With Unix Epoll and Windows Completion Port we can read from multiple fd's/sockets at the same time and as soon as one of them has data to read epoll/completion port will notify us.
How can this be setup without the help of Epoll or IOCP? Basically, what does Epoll and IOCP do under the hood to figure out when there is data available on one of many files?
The only way I could think of is that somewhere down the chain (very low level) there has to be a loop and each time it checks if there is data available on any of the fd's, and if there is data available it notifies the caller.
There are no loops. At the lowest level, the kernel posts a DMA request to an I/O device like "read from block foo and copy the contents into memory address bar". The CPU can then idle or go do something else. The device writes to RAM directly and once it's done it sends a hardware interrupt that the kernel can handle. Eventually the usermode process gets notified.
If you don't want to use asynchronous I/O, you could also create a separate thread for each file you want to read and perform a normal synchronous read. When the read completes you signal it via a semaphore/event/condition variable, and you wait in the the main thread on all of them. It's not really any more efficient (probably a lot less so).
People that write kernals/operating systems how do they make these requests? What libraries, languages do they use?
Pfft... No idea. Grab the source for an open source kernel and start browsing.

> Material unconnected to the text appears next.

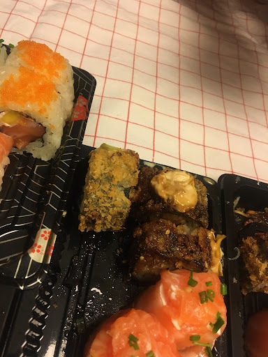 O sushi que vinha no menu é do mais básico que existe, só existia uma peça que destoava das restantes, tinha centro de salmão, arroz, alga e salmão no fim e depois panado e de seguida frito com um salpicadela de queijo creme ( acho que era queijo creme ).

They don't use any libraries, I can tell you that.
<edit>
The relevant sources in Linux seem to be under /drivers/ata/sata_* in the latest source tarballs.
</edit>
By device you mean hard disk for example?
Yes.
So how do you think epoll monitors multiple files? That's still usermode. I should be able to set it up as efficient as those libraries on my own.
Nope. epoll has a kernel mode component.
The central concept of the epoll API is the epoll instance, an in-kernel data structure
I'm going way way back to UNIX system 5, but, as I recall, when a process blocks, the kernel put it on a queue with a small bit of data indicating the event that it was blocked on. That might be the inode of a file it it was waiting for I/O, or the wakeup time if it was sleeping, etc. The system call for checking multiple I/O is poll(). Poll takes a bitmap of the file descriptors that it's waiting for, so it might make sense for that same bitmap to be the event that the process waits for.
When events happen that could wake up a process, the kernel checks the wait queue. If any process was waiting for the event, it schedules the process to run.